RESRAD - RESidual RADioactivity:
RESRAD is a computer code developed at Argonne National Laboratory for the U.S. Department of Energy to calculate site-specific RESidual RADioactive material guidelines as well as radiation dose and excess lifetime cancer risk to a chronically exposed on-site resident.

A soil guideline is defined as the radionuclide concentration in soil that is acceptable if the site is to be used without radiological restrictions. Soil is defined as unconsolidated earth material, including rubble and debris that might be present. These guidelines are based on the following principles: (1) the annual radiation dose received by a member of the critical population group from the residual radioactive material - predicted by a realistic but reasonably conservative analysis and calculated as committed effective dose equivalent - should not exceed 100 mrem/yr, and (2) doses should be kept as low as reasonably achievable, a concept commonly known as ALARA.

Nine environmental pathways are considered: direct exposure, inhalation of particulates and radon, and ingestion of plant foods, meat, milk, aquatic foods, water, and soil.

SCIPUFF - Second-order Closure Integrated Puff:
SCIPUFF model is a Lagrangian puff dispersion model developed by Titan's ARAP Group that uses a collection of Gaussian puffs to represent an arbitrary, three-dimensional time-dependent concentration. The turbulent diffusion parameterization is based on turbulence closure theory, providing a direct relationship between the predicted dispersion rate and turbulent velocity statistics of the wind field. In addition to the average concentration value, the closure model also provides a prediction of the statistical variance in the concentration field resulting from the random fluctuations in the wind field. The closure approach also provides a direct representation for the effect of averaging time. SCIPUFF has been incorporated into the Defense Threat Reduction Agency's (DTRA) Hazard Prediction and Assessment Capability (HPAC) software. HPAC is utilized for planning and analysis as well as in the field by military personnel to rapidly determine consequences of dispersing chemical, nuclear and biological agents. SCIPUFF has been validated against a number of laboratory and field experiments, demonstrating its usefulness for non-military applications. It has been recommended as an alternative model by the EPA which can be used on a case-by-case basis for regulatory applications. The publicly available version of SCIPUFF is the same version incorporated in HPAC except that the proprietary and developmental features have been disabled. SCIPUFF runs on a PC with a user-friendly Graphical User Interface (GUI).

SES - Subway Environmental Simulation: Subway Environmental Simulation (SES) model developed by Parsons Brinkerhoff for the DOT

WPEM - Wall Paint Exposure Assessment:
The WPEM estimates the potential exposure of consumers and workers to the chemicals emitted from wall paint, which is applied using a roller or a brush. WPEM is a user-friendly, flexible software product that uses mathematical models developed from small chamber data to estimate the emissions of chemicals from oil-based (alkyd) and latex wall paint. This is then combined with detailed use, workload, and occupancy data (e.g., amount of time spent in the painted room, etc,) to estimate exposure.
http://www.epa.gov/opptintr/exposure/docs/wpem.htm


Exposure and Impacts (including toxicity models)

BDBR:
A predictive tool used to estimate potential human health risks by describing and quantifying the key steps in the cellular, tissue and organismal responses as a result of chemical exposure.

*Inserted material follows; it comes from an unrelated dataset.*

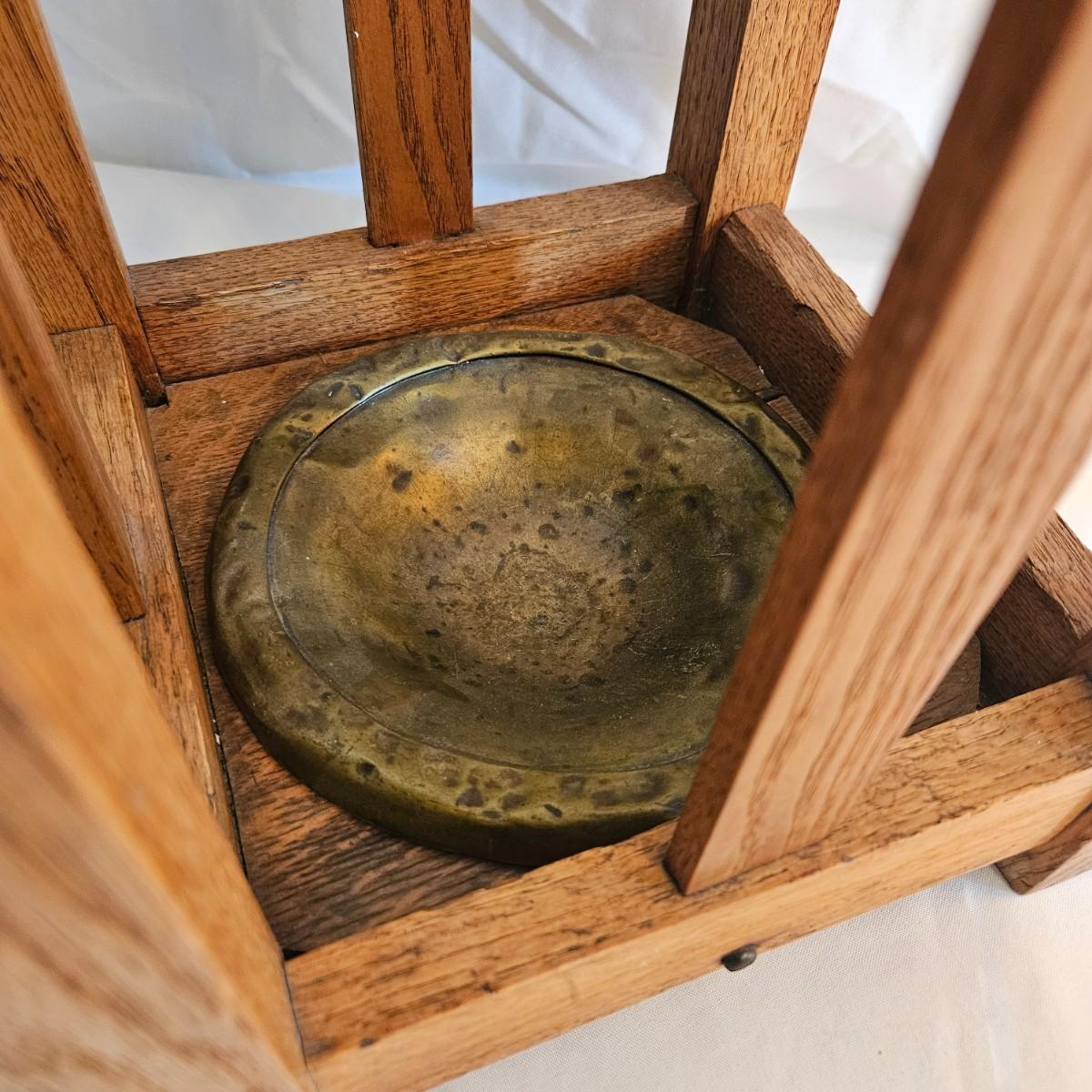 Oak Umbrella Stand and a Brass Lamp (LR-DW)

ChemSTEER - Chemical Screening Tool For Exposures & Environmental Releases:
Chemical Screening Tool For Exposures & Environmental Releases (ChemSTEER) estimates occupational inhalation and dermal exposure to a chemical during industrial and commercial manufacturing, processing, and use operations involving the chemical. It estimates releases of a chemical to air, water, and land that are associated with industrial and commercial manufacturing, processing, and use of the chemical.

It allows users to select predefined industry-specific or chemical functional use-specific profiles or user-defined manufacturing, processing and use operations. Using these operations and several chemical-specific and case-specific parameters and general models, the ChemSTEER computer program estimates releases and occupational exposures. The methods in ChemSTEER were developed by the EPA Office of Pollution Prevention and Toxics (OPPT); Economics, Exposure, and Technology Division; Chemical Engineering Branch.

E-FAST - Exposure & Fate Assessment Screening Tool:
E-FAST provides screening-level estimates of the concentrations of chemicals released to air, surface water, landfills, and from consumer products. Estimates provided are potential inhalation, dermal and ingestion dose rates resulting from these releases. Modeled estimates of concentrations and doses are designed to reasonably overestimate exposures for use in screening level assessment.

E-FAST calculates appropriate human potential dose rates for a wide variety of chemical exposure routes. and estimates the number of days per year that an aquatic ecotoxicological concern concentration will be exceeded for organisms in the water column.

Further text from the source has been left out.